As the lesson progresses, the class begins to see that assessing normality is tricky business. We’ll be making a lot of assumptions about the behavior of populations in stats class through the year. Later, the robustness of procedures will provide a safety net if a population isn’t quite normal.

And maybe the most important idea: it’s not so important that we clearly identify and justify populations which are normal; it’s more important that we identify populations which are clearly NOT normal.

WHAT ABOUT NORMAL PROBABILITY PLOTS?

After all 6 data sets have been evaluated and discussed, I explain the idea and structure of a normal probability plot, which becomes #4 in our list of “what to look for”. The Npsire does a nice job making them, with the z-score axis clearly labeled.

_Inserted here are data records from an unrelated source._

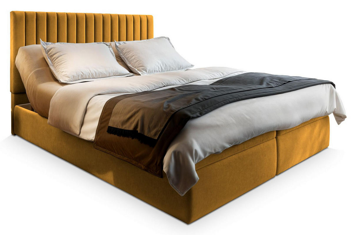 Stil und Luxus. Wichtige Merkmale des Bettes MURLO: - Großer Bettkasten - Der praktische Bettkasten mit großem Fassungsvermögen bietet Platz für Bettdecken, Kissen oder andere Textilien und hilft, Ordnung im Schlafzimmer zu halten. Dank des leicht zu bedienenden Mechanismus ist der Zugriff auf die aufbewahrten Gegenstände schnell und bequem.
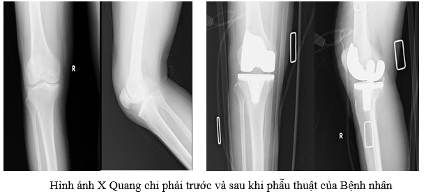 Sau phẫu thuật, tình trạng sức khỏe bệnh nhân ổn định, Bệnh nhân đã giảm đau nhiều, biên độ gập duỗi gối tốt. Hiện tại bệnh nhân đi đứng chịu lực hoàn toàn trên khớp gối nhân tạo.
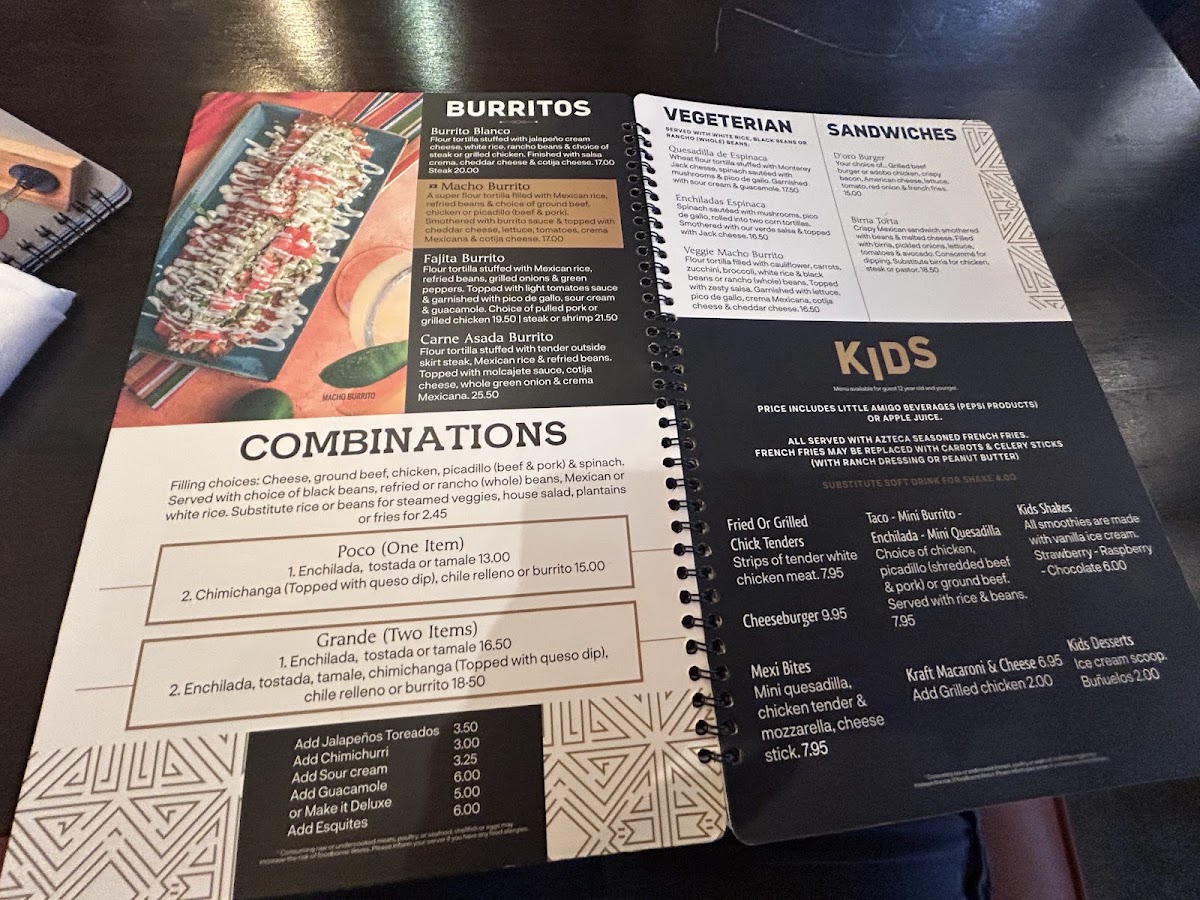 Flour tortilla filled with cauliflower, mushrooms, carrots, zucchini, broccoli, white rice and black beans or Rancho (whole) beans. Topped with verde salsa, Chipotle sauce or Azteca’s special salsa. Garnished with lettuce, pico de gallo, crema Mexicana and Cotija cheese
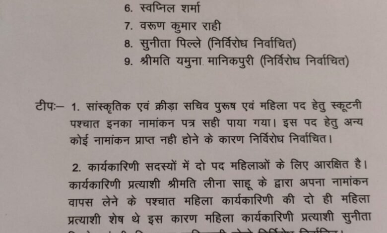 जानकारी के मुताबिक कार्यकारिणी में दो पद महिलाओं के लिए आरक्षित थे। शुरुआत में श्रीमती लीना साहू ने भी नामांकन दाखिल किया था, लेकिन नाम वापस लेने के बाद केवल दो ही महिला प्रत्याशी मैदान में बचीं। ऐसे में सुनीता पिल्ले और यमुना मानिकपुरी का निर्विरोध निर्वाचन तय हो गया।

I have found that the more years I teach AP Stats, the less I stress this graph. It’s easily forgotten under the avalanche of information in the course, and the procedures described above are sufficient for the job. Unless you spend time developing the structure of this graph – why transforming percentiles to z-scores in a normal distribution yields a linear function – it becomes another disconnected idea to memorize. I show it – but then we cast it aside.